El Zaguán, ya se ha dicho, era una sitio elegante. No es que fuera gran cosa, pero tenía una decoración bien puesta y una distribución espacial que lo hacía acogedor. En él solía alternar Marta, porque era normal hacer eso y todo lo que ello conlleva. Pardiez. Entre comentarios banales, humo de veneno, cubatas que iban y venían y risas juveniles, Marta se puso a pensar que estaba pensando acerca del sentido de su vida, cuyo rumbo no conocía puesto que es normal desconocerlo. Entre comentarios banales, humo de veneno, cubatas que iban y venían, risas juveniles y sus pensamientos profundos, Marta tenía la mirada ausente, perdida, absorta. Y la fue a posar en alguien que había sentado unos metros por delante de ella. Ese alguien era un chaval de veintipocos, de aspecto dicharachero, mirada extraviada, pero que no hacía sino posarse de cuando e cuando en los apetecibles labios de Marta, y aire extravagante, que estaba sentado junto a otros tres chavales de veintialgunos que, según ella, o mejor dicho su intuición, podrían pertenecer a algún grupo literario, conspirador y trasgresor. O quizá fueran unos futuros chiquiteros sin saberlo, aunque ella no tenía ni idea. Comenzó a pensar en aquel joven hombre que en el fondo la deseaba y se preguntó si él y todos los que le acompañaban sentirían, se cuestionarían y se preguntarían lo mismo que ella había estado meditando: el por qué de la cosas, de la sociedad y, sobre todo, de los comportamientos y modos de pensar y actuar humanos considerados “normales” por las putas convenciones de aquellos que deberían preguntarse lo que la apetecible y convencional Marta se estaba inquiriendo a sí misma sobre sí misma y su vida, y lo que la rodeaba.
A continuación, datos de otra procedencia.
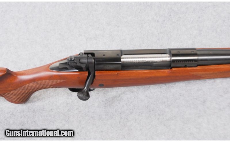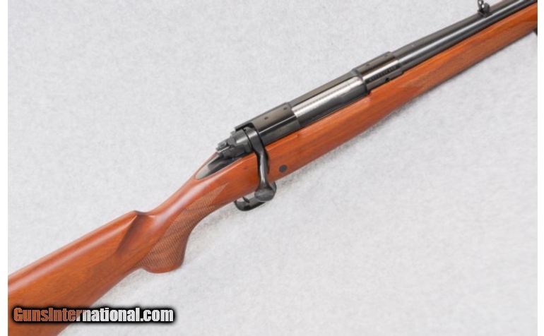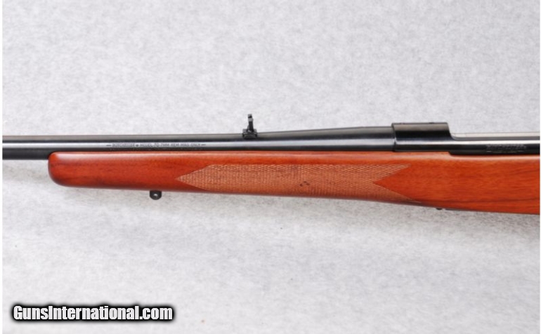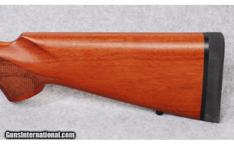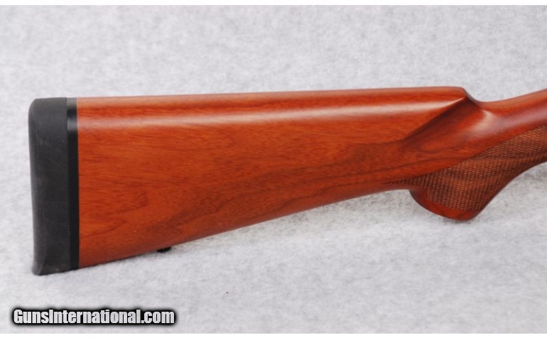 Description: SOLD Caliber Info: 7mm Remington Mag. Metal Condition: Blued receiver, claw extractor, three-position right-hand safety, cocking indicator, steel floor plate, and drilled and tapped receiver. Wood Condition: New. Bore Condition: New. Barrels: 24" barrel. Triggers: Smooth surface trigger. Stock: Reddish walnut with an oil finish, checkered pistol grip, and sling stud. Stock Dimensions: LOP: 13 5/8". Fore End: Checkered fore end and sling stud. Butt Pad: 1" soft rubber pad. Sights: Ramped and hooded brass dot blade front and a single folding leaf rear sight with a white diamond. Extras: From Cabela's exclusive collection. Item Location: Billings, MT |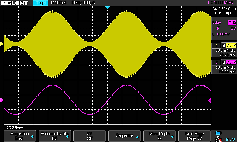 Screen Capture of Amplitude Modulated carrier and modulating signal.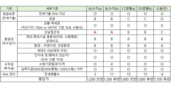 제 눈에 들어온 아파트는 전세가율 85% 이상, 역세권 (직선거리 800m or 도보 10분), 500세대 이상, 주변환경 양호, 초등학교를 걸어서 이용할 수 있는지, 1~3층 제외.. 등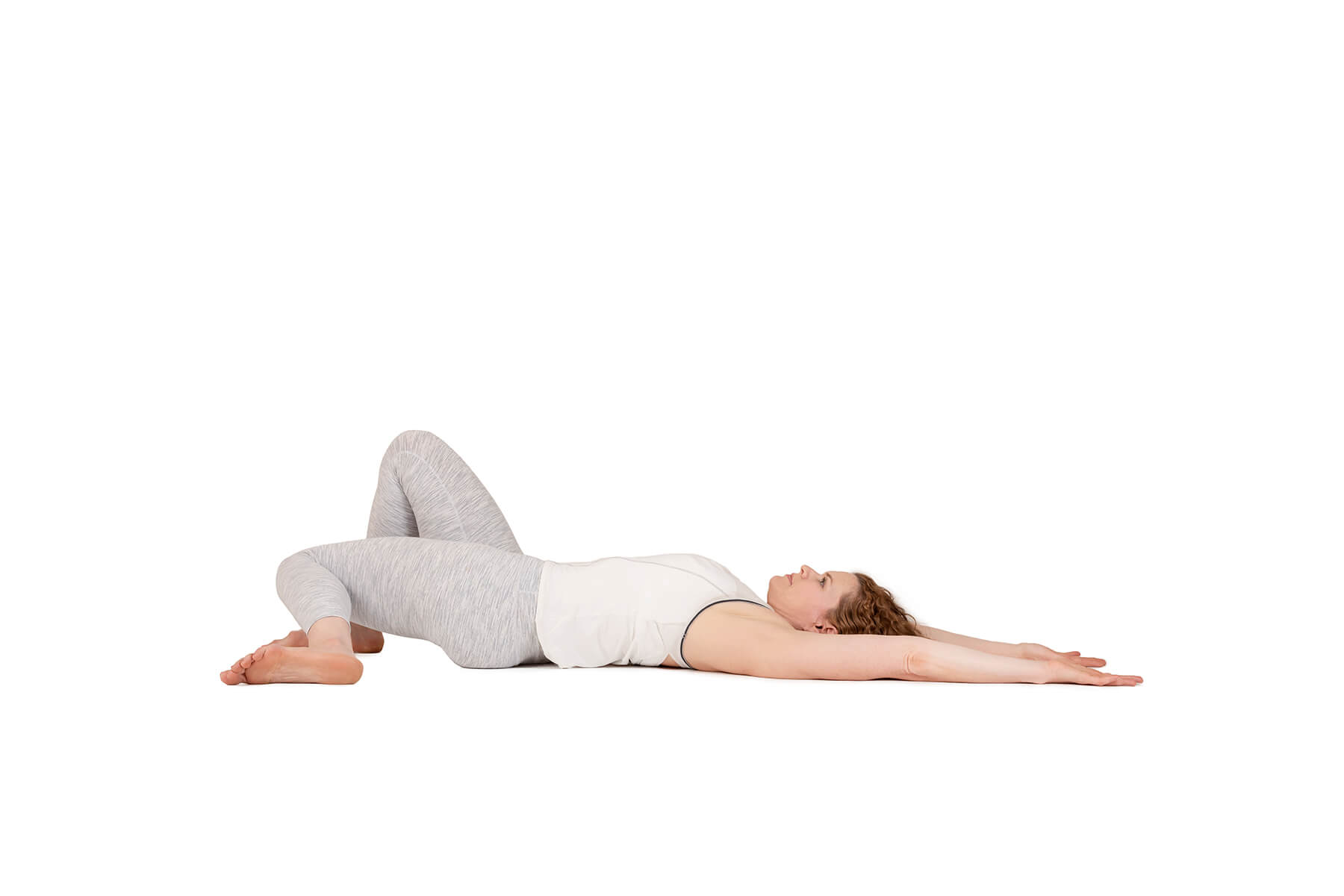 - From sitting, shift over onto your right buttock, swing your legs to the left and place your feet on the floor outside your left hip, with the left ankle resting in the right arch.

De repente, uno de sus amigos le tocó ligeramente el brazo, para advertir a la buena de Marta de que se iban, que dejaban ese bar para ir a otro que había calle arriba. Y Marta volvió a la normalidad de golpe, terminó su cubata, apagó su bucho, cogió su chamarra vaquera, se levantó y bajó las escaleras del Zaguán para seguir con su ritual de normalidad en un ambiente de total normalidad vacua que ella jamás se había cuestionado, en una sociedad que debería revisar sus parámetros de comportamiento y valores, pese a que eso no serviría de nada en el fondo, porque la idea, el concepto de lo “normal” sume a mucha gente “aparentemente normal” en un estado no-normal que no vale la pena experimentar. Y Marta se salvó durante algunos instantes por caer en la cuenta; aunque eso ya no importa.

Texto agregado el 30-03-2005, y leído por 86 visitantes. (0 votos)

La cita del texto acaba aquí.